Puzzle-Making Through Constraint Propagation

The following shape is comprised of exactly five tetrominoes, shown in light gray. The borders between them, however, are not shown. Your job is to draw borders between the dots such that the tetrominoes are visible. Can you do it?

It’s a trick question: there is no unique solution. Here are the four solutions:

This particular puzzle is fairly easy, since it’s clear that there must be an I-block on the left. This is a form of forward-checking, and it’s something experienced puzzle solvers do all the time: they can eliminate fruitless search paths before spending any time on them. Even so, some tougher puzzles require you to backtrack: the hardest Sudoku puzzles may need multiple layers of recursion before a particular partial solution is identified as inconsistent.

Even if getting all solutions to a puzzle is easy, logic puzzles need to have a single solution. If not, solving them is bound to be a very frustrating experience, especially for more complex puzzles. How, then, can we come up with a puzzle based on the idea of tiling an orthogonal polygon with tetrominoes if such simple shapes have so many tilings? The answer is to impose a global constraint: for instance, if we require that there are no T-blocks, the only solution is the top-left one. So, how can we get all possible solutions to such a puzzle, such that we can come up with a constraint that enforces a single solution?

Constraint propagation

Constraint satisfaction problems (CSPs) are a very broad class of combinatorial problems. Logic puzzles such as Sudoku, Nonograms, Shikaku, Hitori, Hashi, and Nurikabe, to name a few, are all examples of CSPs, and so is the little tetromino puzzle above. Constraint satisfaction problems can be recast as SAT problems (Boolean satisfiability problems), but the geometrical nature of the tetromino puzzle means that expressing it as a SAT problem is not easy.

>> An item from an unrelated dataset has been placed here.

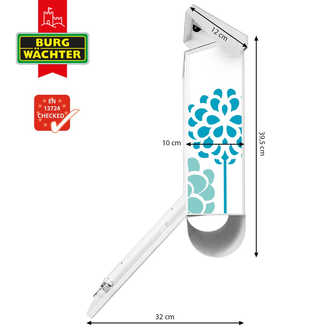 Der BURG-WÄCHTER Stahl Briefkasten mit Kräuterwiese Motiv bietet Ihnen mit seinem Fassungsvermögen genügend Platz auch für große A4 Sendungen und Zeitschriften. Das integrierte Regendach schützt Ihre Post vor dem Eindringen von Regen.

Instead, let’s take advantage of the vast machinery of graph theory and express the puzzle above as a graph, where the 1×1 blocks correspond to vertices, and their shared edges correspond to edges.

This graph was reproduced in Mathematica, which features a powerful set of tools for graph theory visualisation. All we have to do now is delete enough edges, and a solution will reveal itself once the graph is composed of exactly 5 disconnected subgraphs with 4 vertices each. We could try to brute-force the problem, but that’s a recipe for disaster: checking all 2^25 possible states is not something that we want to do.

What, then, should we do? Here is where constraint propagation comes to the rescue. Instead of iterating over the vast state space, we will perform a breadth-first search, where the depth corresponds to how many edges we have removed from the graph. Thus, the decision tree is made up of nodes, each of which is a 25-bit binary number (since there are 25 edges to be deleted). A 1 corresponds to an edge which is still there, whereas a 0 corresponds to a removed edge.

The method we use is a simple version of arc consistency. At each node, we have already cut some edges (0s), and make further cuts (i.e. split the node into children, each of which turns a different 1 into 0). Then, we only propagate down the branch where the new cut will lead to a consistent solution: this is a simple implementation of backtracking (this may produce some double counting of states, which can be easily taken care of using the inbuilt RemoveDuplicates function).

And what is the consistency check we use? It’s very simple: given enough edge cuts, the graph will eventually become disconnected. The consistency check is therefore that all disconnected subgraphs have 4n vertices. Any partial solution that doesn’t satisfy this constraint will never satisfy it even if more edges are removed, and no further search is performed down that branch.

 

Forward checking/full look ahead (which take into account consistency between uninstanced variables) are generally faster, since they rule out bigger chunks of the search space. The difference is easily seen in the 8-queens problem: instead of adding queens to the board and checking whether they are in line of sight of another queen, we only place further queens not in a row, column, or diagonal of another queen. Applying such a constraint is slightly more challenging here, since it’s not much more algorithmically efficient to rule out child nodes (as opposed to checking them for consistency).

Running this algorithm returns more graphs than there are unique solutions. This is because some resulting graphs are equivalent up to relabellings within their disconnected components. Sorting the disconnected components of all the graphs in canonical order ensures that graphs whose disconnected components are relabellings of each  others coincide, and so using the RemoveDuplicates function again produces all possible solutions:

Graph partitioning is a very exciting field (especially since graph partitioning is NP-hard, even subject to balancing constraints), and there are of course much more sophisticated algorithms than the one presented here. Even so, it’s quite interesting to see what kinds of puzzles can be generated and tested with the help of a simple algorithm.

A few more puzzles

I leave you with a few puzzles of the same variety – and this time, they do have a unique solution, honest. Can you solve them?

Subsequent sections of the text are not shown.